» What the exercise asks: What you output must match, exactly, the lines from the start of the records to the line containing "Andris Gabrāns |", both ends kept and pictures excluded.

======== Entries shown

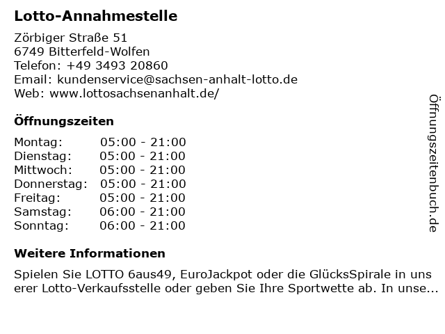 1 Lotto-Annahmestelle (Entfernung: 1,90 km) Walter-Rathenau-Straße 52, 06749 Bitterfeld-Wolfen OT Bitterfel 6 |
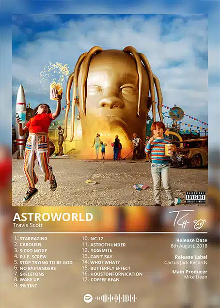 The poster itself showcases vibrant colors, trippy visuals, and iconic imagery from the album cover—a giant golden head of Travis Scott, inviting you into a world where reality blurs with fantasy. The surreal visuals reflect the album’s themes of escapism, ambition, and the quest for freedom, resonating deeply with fans who see themselves navigating through their own dreamlike journeys in life. It’s more than just an image; it’s a portal into a world where creativity reigns supreme, where music transcends boundaries, and where fans become part of something bigger than themselves.
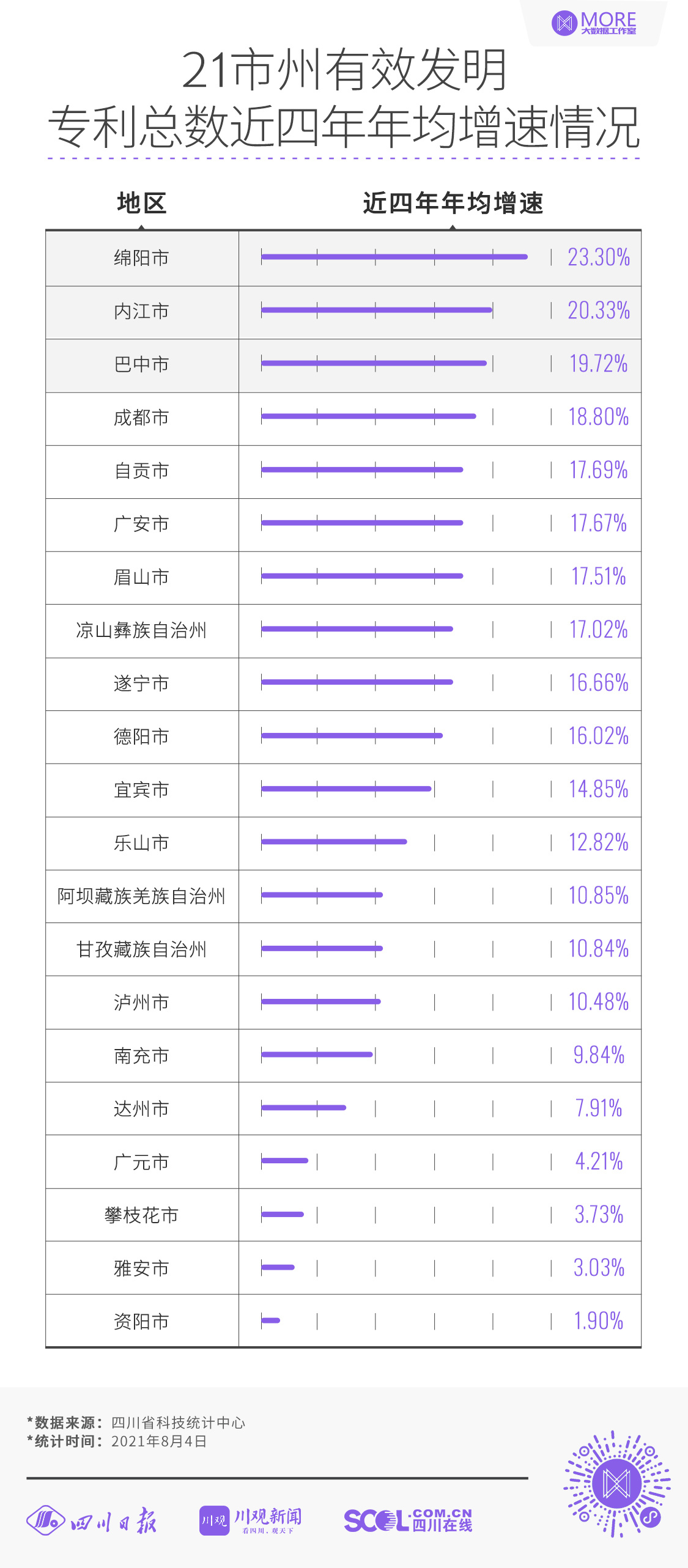从有效发明专利年均增速来看,绵阳市近四年增速23.3%,排名全省第1。内江市和巴中市年均增速分别是20.33%、19.72%,位列第2、第3。
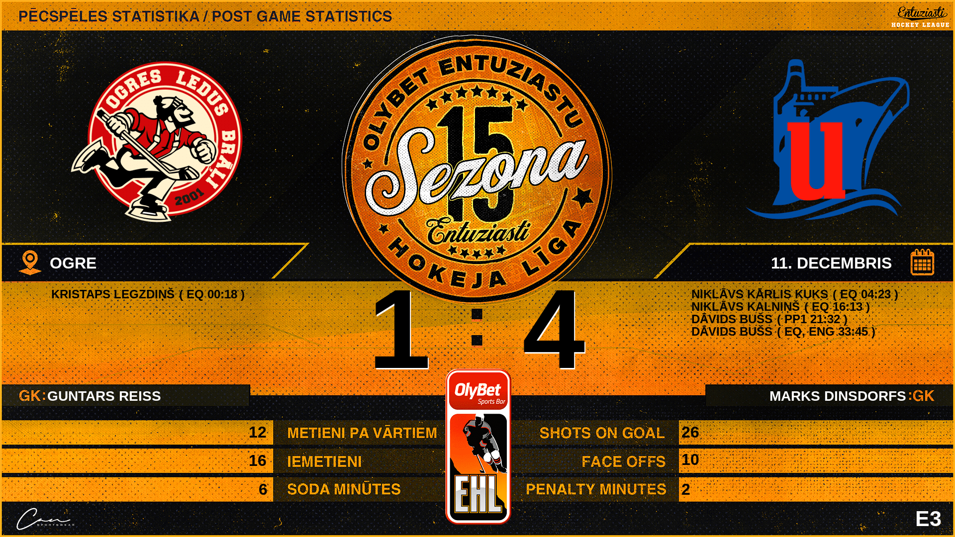 | 33:45 | UNI | Vārti (EQ, ENG) | #69 Dāvids Bušs, piespēles: #21 Andris Gabrāns |
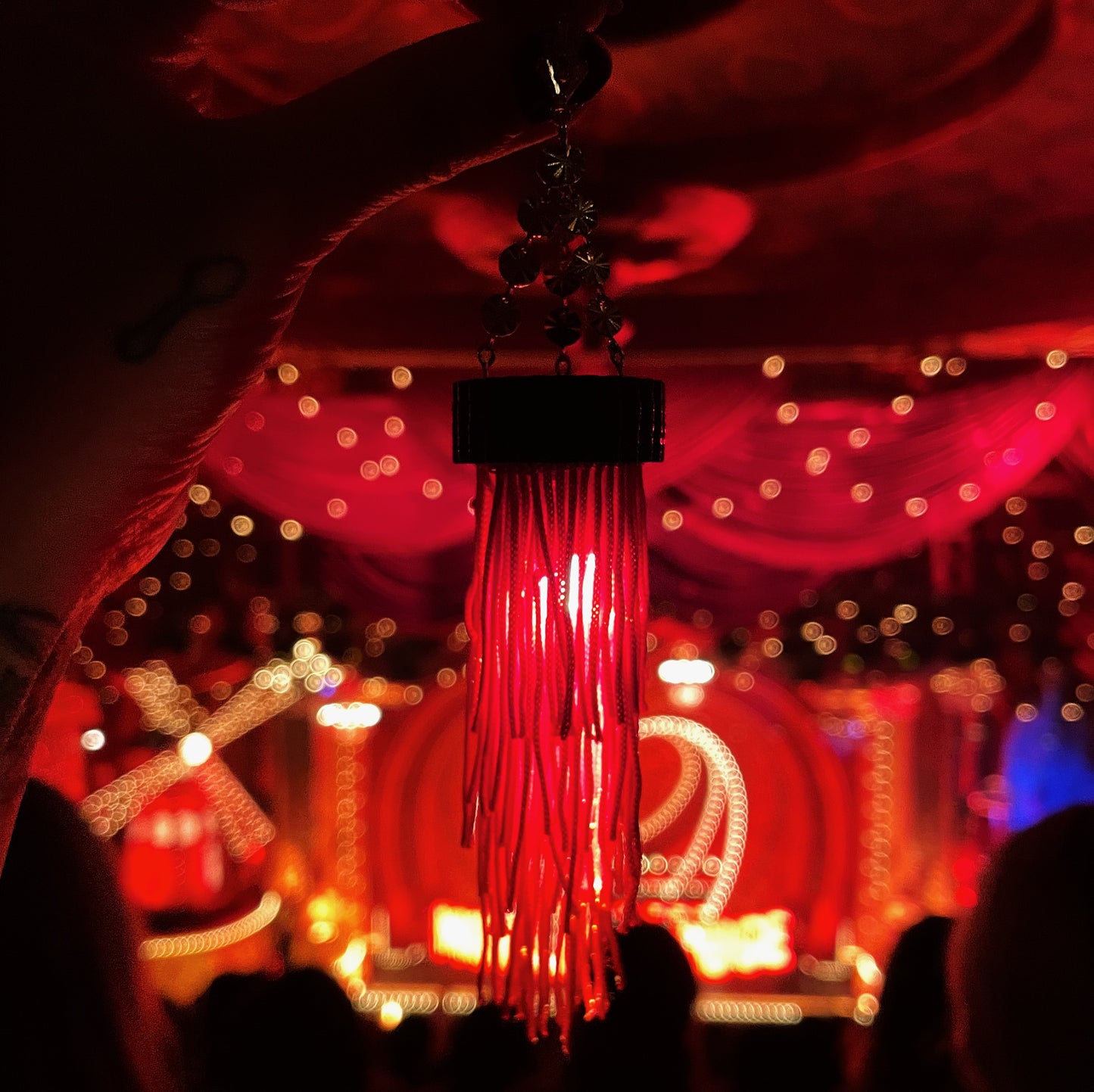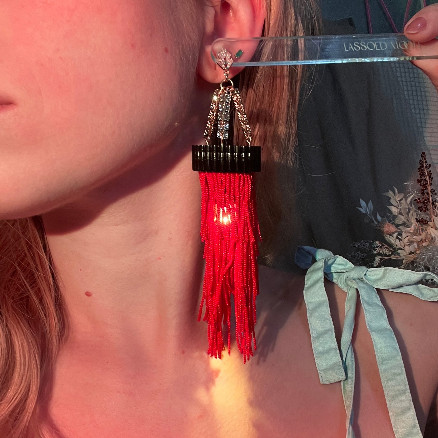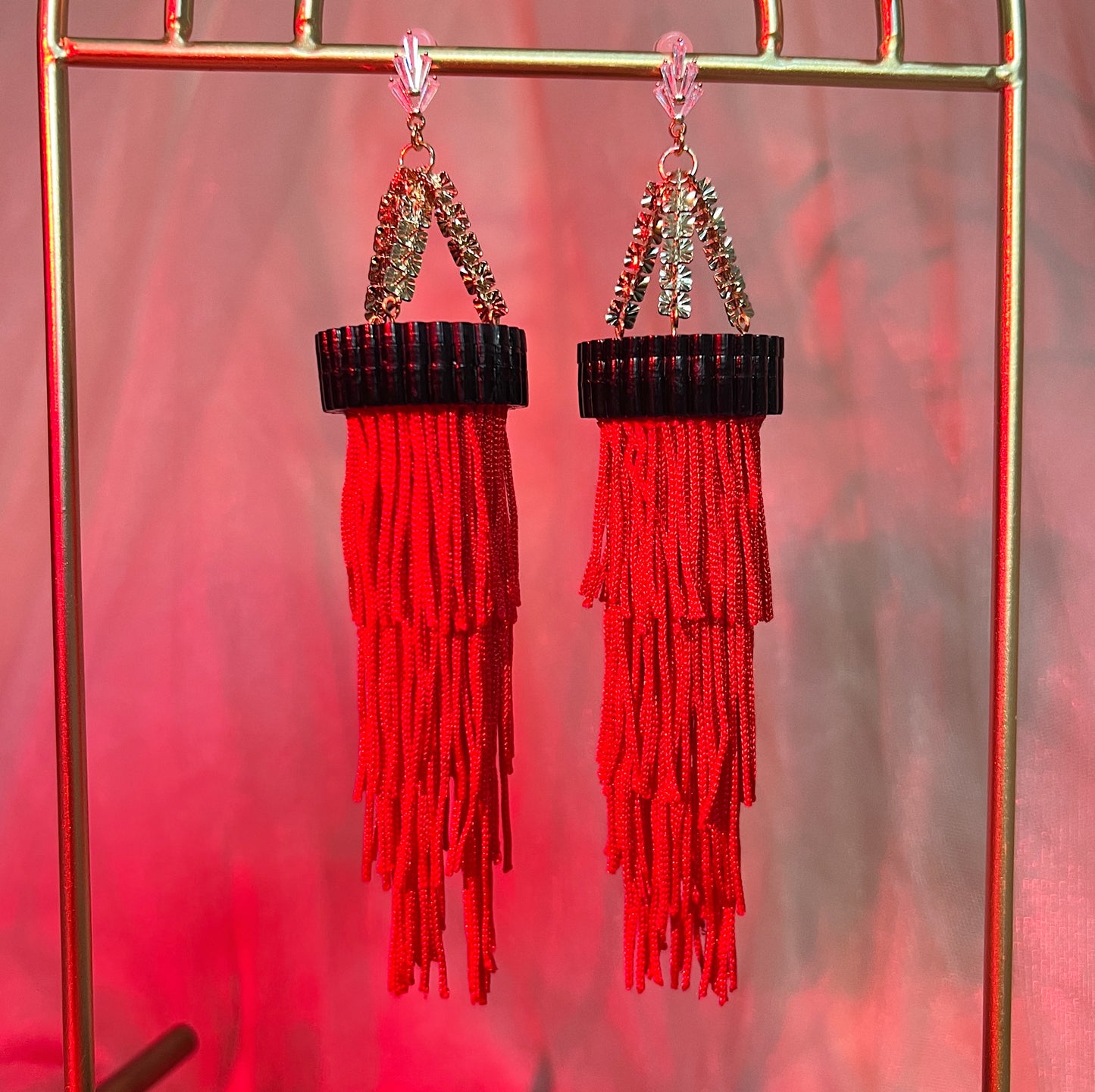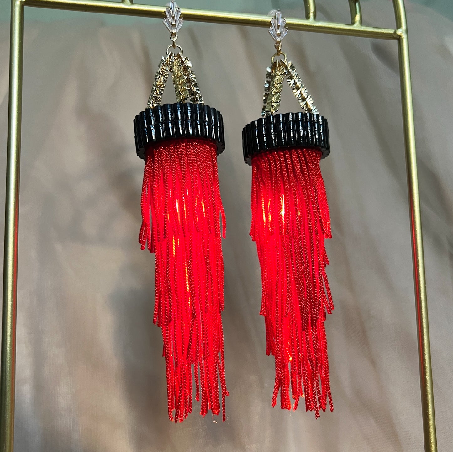 Inspired by vintage fringe lamps, each pair is made with tiered red fabric fringe attached to a black fluted acrylic top and dangling from three strands of beautiful gold-plated starburst chain, all finished with gold-plated sterling silver posts with cubic zirconia details. Inside each earring is a small LED light that can be twisted to turn on or off from underneath the fringe. Each light takes three LR41 batteries and should last through one glamorous night of continuous illumination. Six additional replacement batteries will be included with each pair of earrings. Batteries can be replaced by twisting the light from underneath the earring until it unscrews from the top revealing the battery compartment.

================

» Task solution:
 1 Lotto-Annahmestelle (Entfernung: 1,90 km) Walter-Rathenau-Straße 52, 06749 Bitterfeld-Wolfen OT Bitterfel 6 |
 The poster itself showcases vibrant colors, trippy visuals, and iconic imagery from the album cover—a giant golden head of Travis Scott, inviting you into a world where reality blurs with fantasy. The surreal visuals reflect the album’s themes of escapism, ambition, and the quest for freedom, resonating deeply with fans who see themselves navigating through their own dreamlike journeys in life. It’s more than just an image; it’s a portal into a world where creativity reigns supreme, where music transcends boundaries, and where fans become part of something bigger than themselves.
从有效发明专利年均增速来看,绵阳市近四年增速23.3%,排名全省第1。内江市和巴中市年均增速分别是20.33%、19.72%,位列第2、第3。
 | 33:45 | UNI | Vārti (EQ, ENG) | #69 Dāvids Bušs, piespēles: #21 Andris Gabrāns |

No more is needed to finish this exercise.